勝海舟が恐れた二人の人物
そんな時、私は「横井小楠」と出会った。いや、歴史上の人物としての横井とは、大分以前から出会ってはいた。
幼少期に見せられた自家の家系図の中に「勝義邦」通称麟太郎、号海舟という名前があることを見て、ひどく感激したものである。その影響から、勝の自伝の『氷川清話』は中学生の頃から読んでいた。その中に次のよく知られている文章がある。
おれは、今までに天下で恐ろしいものを二人見た。それは、横井小楠と西郷南洲とだ。横井は、西洋の事も別に沢山は知らず、おれが教へてやつたくらゐだが、その思想の高調子な事は、おれなどは、とても梯子を掛けても、及ばぬと思つた事がしばしばあつたヨ。

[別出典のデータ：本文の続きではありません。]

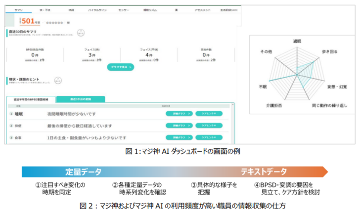 「マジ神AI」は、高い専門性をもつ介護職員、通称“マジ神”が持つノウハウをAIに落とし込み、経験の浅い職員でも質の高い介護を実践できるよう支援するシステムだ。AIは日々蓄積されるご入居者の情報を分析し、状態変化の兆しや心理的なサインを可視化するダッシュボードを提供しており、このシステムを導入した施設では、職員の情報収集の傾向にも変化が見られたという。AIを活用している職員は、テキストよりも定量データに注目しやすく、先に数値的なデータを確認してから記録の文章に目を通す傾向が強いとされている。これは、専門性の高い“マジ神”たちと同様の情報収集スタイルであり、AIの利用がプロフェッショナルと同等の判断力を育む可能性を示している。

この「恐ろしいもの」という表現は、少年の“怖いもの見たさ”の好奇心をすぐるのに充分であった。そこで私にとって横井小楠と西郷南洲は忘れてはならぬ人物となった。したがってその人物像については、かなり以前から知ってはいた。
しかし、「恐ろしい」と海舟ほどの人物に言わしめたその横井の思想の真髄に、真正面から対峙したのは、ここ10年の事である。
知れば知るほど興味深さが増す人物なのである。更に、伝記・評伝、研究書など良書が意外なほど多くあり、最近になればなるほど素晴らしい著作が続々と世に出てくる。
その紹介された横井の思想の中には、冒頭に述べた人類社会の悲願であり、しかし達成されぬまま持ち続けるしかないと思われていた「戦争を起こさぬために」あるいは「世界を平和にする」という大命題に対する有効な解決の道筋さえもがあるのだ。
「国家主義」と「平和主義」という矛盾を乗り越えての理想社会の構築への具体的な「方法論」と、それを揺るぎないものにする為の「理念」とが、鮮やかに示されているのである。しかもそれは、私が約50年読み続けてきた『四書五経』の一つ『書経(尚書)』の深読みなど、儒家思想によって為されているという驚きがあった。
それは、私のこれまでの「漢籍」解釈の知見を一変させるほどの衝撃的な体験であった。